Autre enseignement de ce baromètre : la nécessité « d’éduquer » le consommateur. « Il faut encore et encore éduquer le client final au coût réel des choses, que ce soit le coût de la main-d’œuvre, ou de la qualité », affirme un professionnel de l’aménagement d’intérieur. « Le marché est saturé d’offres, certaines à prix discount, mais le client ne saisit pas la différence », abonde un architecte d’intérieur… L’inflation ne favorise pas l’arbitrage en faveur de la qualité ou de la durabilité, « et accroît un dilemme pour le client, souvent relevé dans nos précédents baromètres », poursuivent les analystes de Maison&Objet. « Il y a toujours un débat éthique quand des artisans créent des produits originaux, qui soutiennent un projet authentique de valorisation, utilisent des matières nobles pour assurer un produit de haute qualité et se font ensuite copier par des fabricants de masse, qui inondent le marché avec des copies bas de gamme.
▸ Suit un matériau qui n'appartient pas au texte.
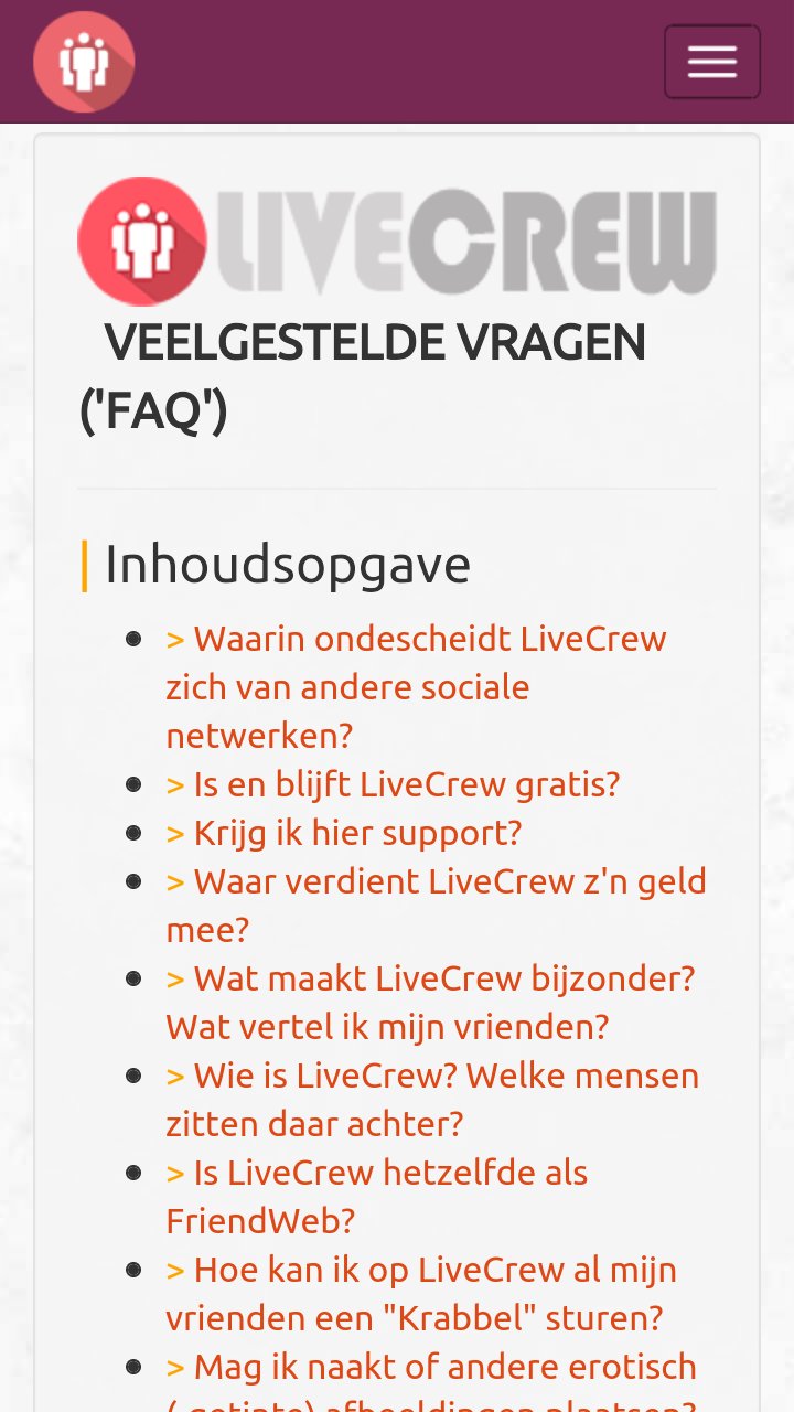 LiveCrew Mobiel v.1.1 is de web-app voor LiveCrew.nl, geoptimaliseerd voor gebruik met ondermeer Samsung toestellen.
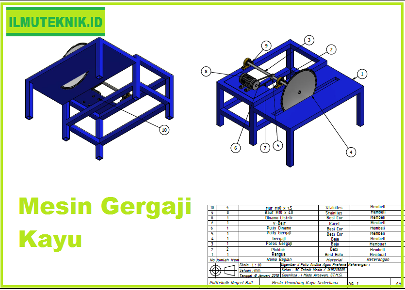 Tidak usah khawatir kami punya solusinya. Mesin Gergaji Kayu diatas didesain sesederhana dan semudah mungkin untuk dibuat. Desain Mesin Gergaji Kayu diatas dibuat menggunakan program buatan autodesk yaitu autodesk inventor 2016.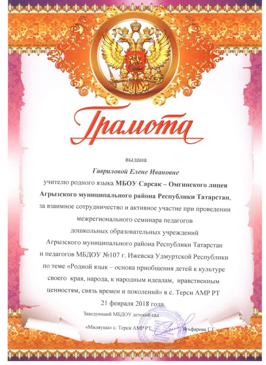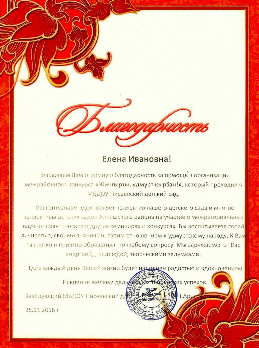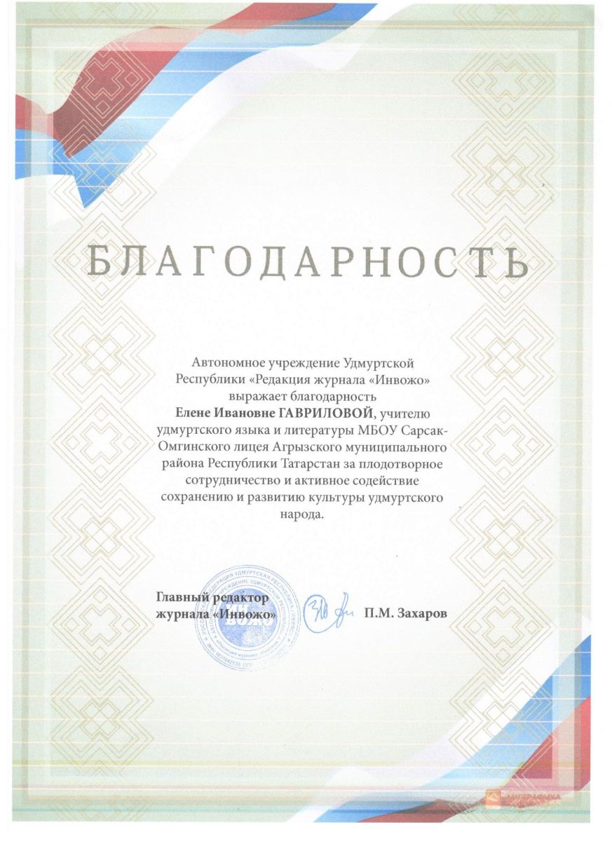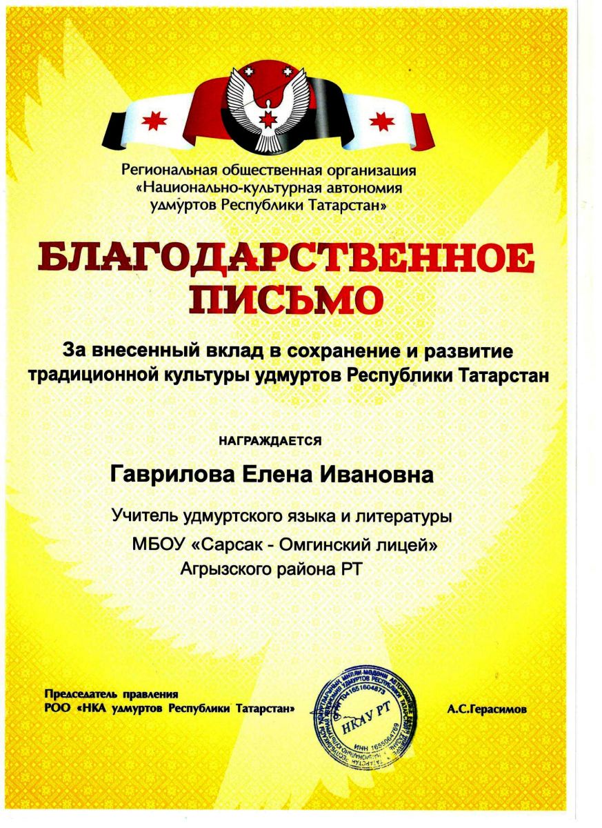 Благодарственное письмо РОО Национально-культурная автономия удмуртов РТ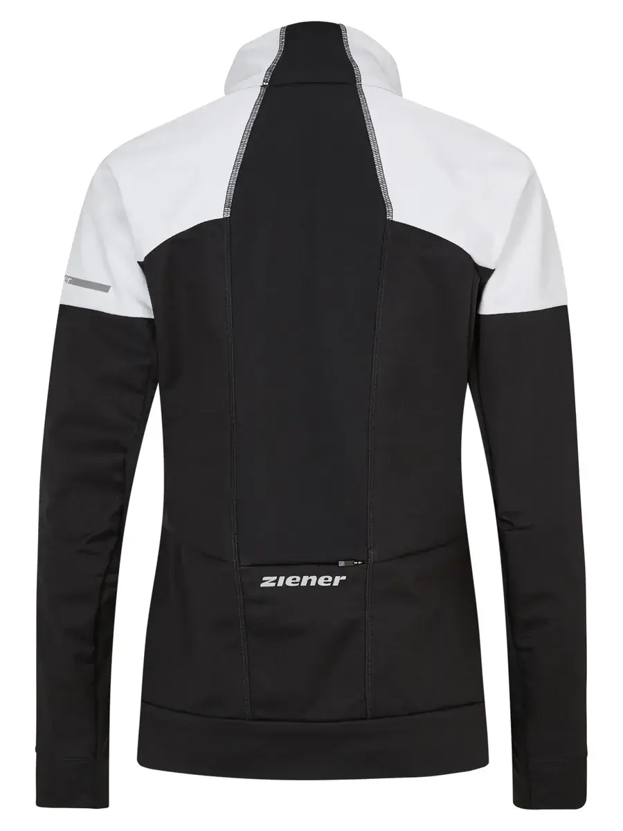 Функциональная женская куртка ZIENER софтшелл NORIKA LADY из дышащего эластичного материала идеально подходит для катания на беговых лыжах. Специальные вставки на спине и под мышками обеспечивают лучшую мобильность и вентиляцию, а использование дышащего и ветронепроницаемого материала ZIENER WINDSHIELD предотвращает охлаждение на ветру. Верхняя часть передней части также оснащена набивкой плотностью 100 г/м². Благодаря экологически чистой пропитке куртка не содержит ПФУ. Передний карман на молнии гарантирует надежное место для самых важных вещей, а смартфон можно оптимально хранить в заднем кармане на молнии. Эластичный низ обеспечивает идеальную посадку, а светоотражающие элементы повышают видимость.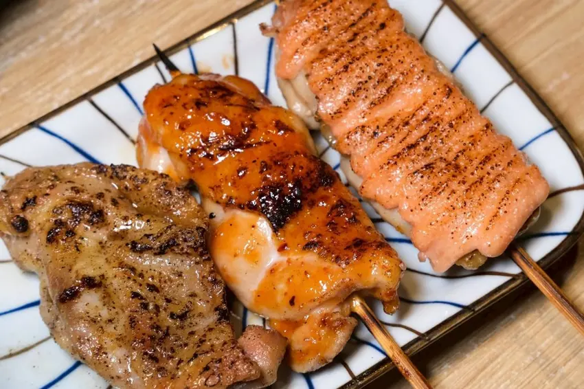鹽烤雞肉串💰60元 照燒雞肉串💰60元 明太子雞腿肉串💰75元 豬肉蘆筍(2串)💰120元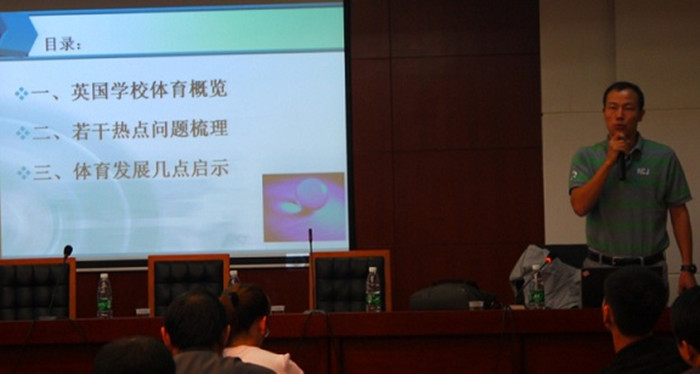 10月16日下午,华中师范大学黄爱峰教授作了题为《英国学校体育概括及启示》的专题讲座。黄教授从英国与中国体育活动比较的角度,对英国学校的体育教学情况进行了介绍,并提倡我们从不同的角度去思考问题,使大家开阔了视野,活跃了思维,受益匪浅。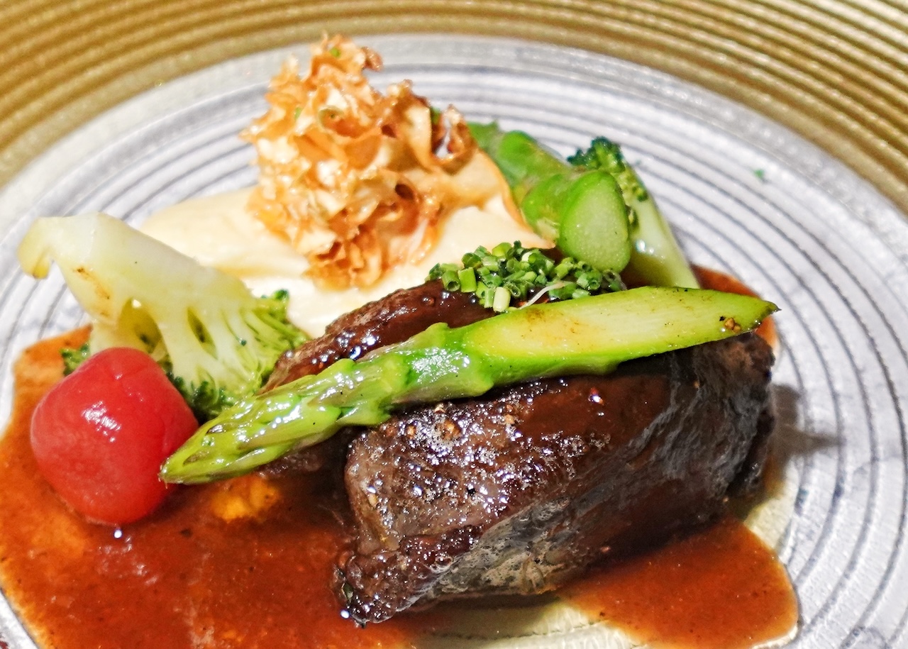 Slow-cooked Australian beef cheek, served with crisp-fried cauliflower mushroom, mashed potatoes, asparagus spear, broccoli and cherry tomato.
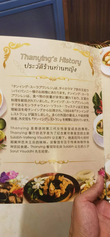 后来看餐厅介绍才知道这个Tanging餐厅是为了纪念素可泰皇宫的主厨公主殿下而取名的,现在由Sulabh公主的儿子在经营,泰国国王和王后也来这里吃饭,一不留神就皇族了一把,感觉还是很不错,菜品和服务算是一流,不虚此行。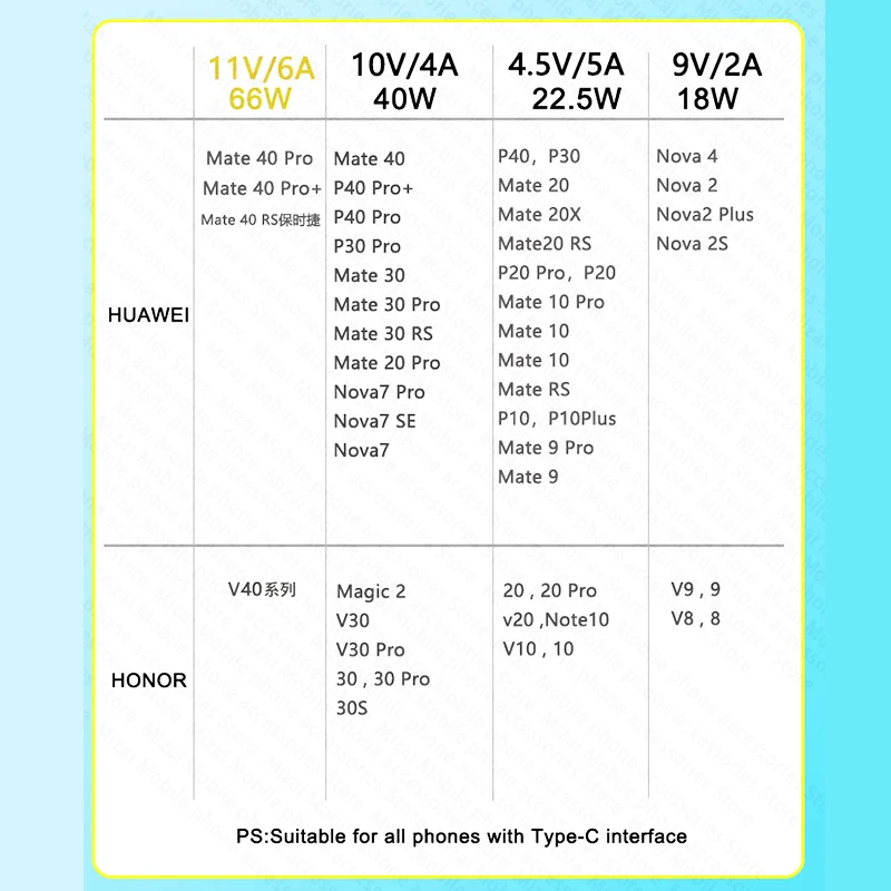 Оригинальный ЕС/США/Великобритания Huawei 11V 6A USB супер быстрое зарядное устройство Supercharge 6A Type C кабель для P30 P40 P50 Mate 40 Magic 3 Honor 60 pro
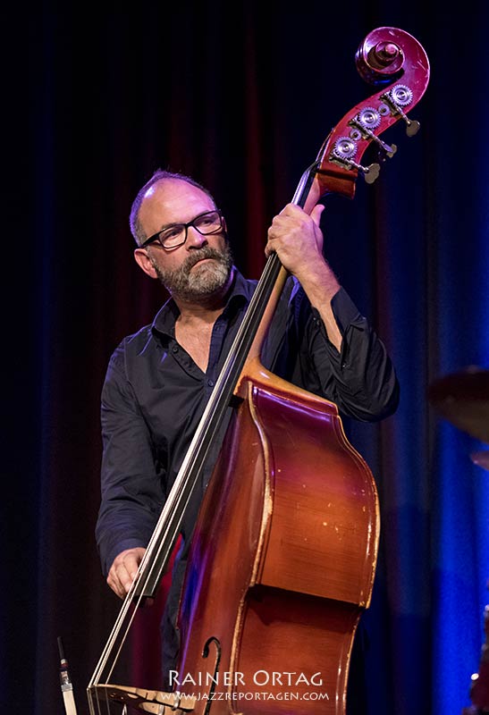 Nach langer Pause ist das Trio nun endlich wieder live zu erleben und beginnt mit „Aspettami„ sofort das Publikum zu verzaubern. Helfrich schafft es sofort auf ihre charmante Weise das Publikum auf eine gemeinsame musikalische Reise mitzunehmen. Geprägt durch ihre Kindheit in Namibias Townships spiegeln sich die Erfahrungen dieser Zeit in den Kompositionen wider. Das Stück „Invictus“ ist Nelson Mandela gewidmet, inspiriert durch sein unermüdliches Engagement im Kampf gegen die Apartheid. „Invictus“, William Ernest Henleys Gedicht, das Mandela während seine langen Gefangenschaft Kraft und Trost spendete, findet in Helfrichs sensibler Komposition ein perfektes lyrisch-melodisches Zusammenspiel. Die zitierten Worte erzeugen Bilder, die musikalische Stimmung und die Temperaturen von Bass und Schlagzeug verwandeln den Saal und wir reisen gemeinsam durch Traumlandschaften, wie hypnotisiert: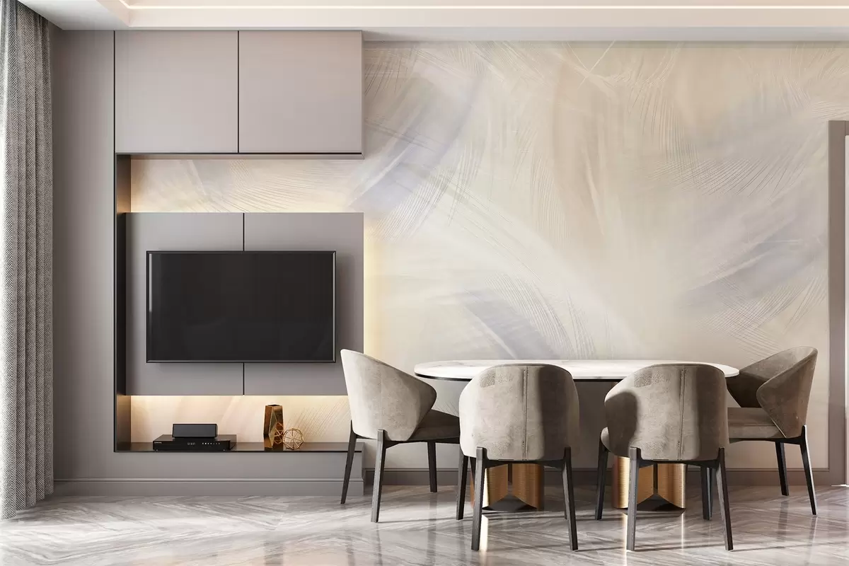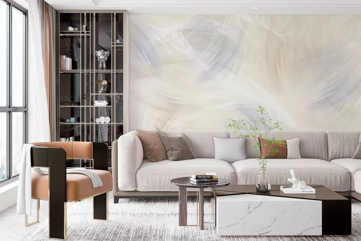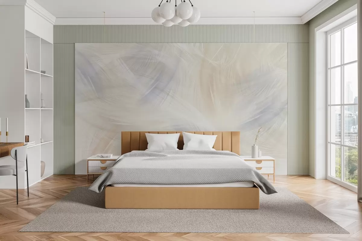 Valokuvatapetti ilmavia höyheniä sinisen ja beigen sävyissä Nr w04071v2

Comment protéger l’artisan et comment sensibiliser les consommateurs ? Cela est clairement un défi bien spécifique à relever », souligne une marque d’Afrique du Sud. Un des répondants suggère d’intégrer un « scoring » pour les produits. « C’est ce qui fera la différence, face à des “néobazars” qui jouent principalement sur le prix, argumente-t-il. Sans engagement, la justification d’un prix plus élevé n’aura plus de sens ».
Qu’il s’agisse de se faire connaître, de capter une nouvelle clientèle ou de transformer la visite en acte d’achat, les solutions mises en avant plébiscitent la différenciation. « L’art consiste désormais à s’adresser au client avec ses cinq sens, à le conseiller individuellement », prône un designer de produits munichois. « Il faut créer des histoires autour de chaque produit, créer des événements, invitations, démonstrations culinaires… Les clients apprécient ce contact privilégié », assure un retailer suisse. Cette différenciation peut passer par une sélection de produits plus originaux. « Je suis toujours à la recherche de marques françaises ou européennes que l’on ne trouve pas en ligne, de qualité et d’originalité », raconte un détaillant indépendant. « Donnons notre temps à notre clientèle, elle nous le rendra par sa fidélité. Chaque client a besoin d’être reconnu et les boutiques de proximité ont un avenir assuré », professe enfin la responsable d’une marque familiale de parfumerie qui perdure ainsi depuis… un siècle.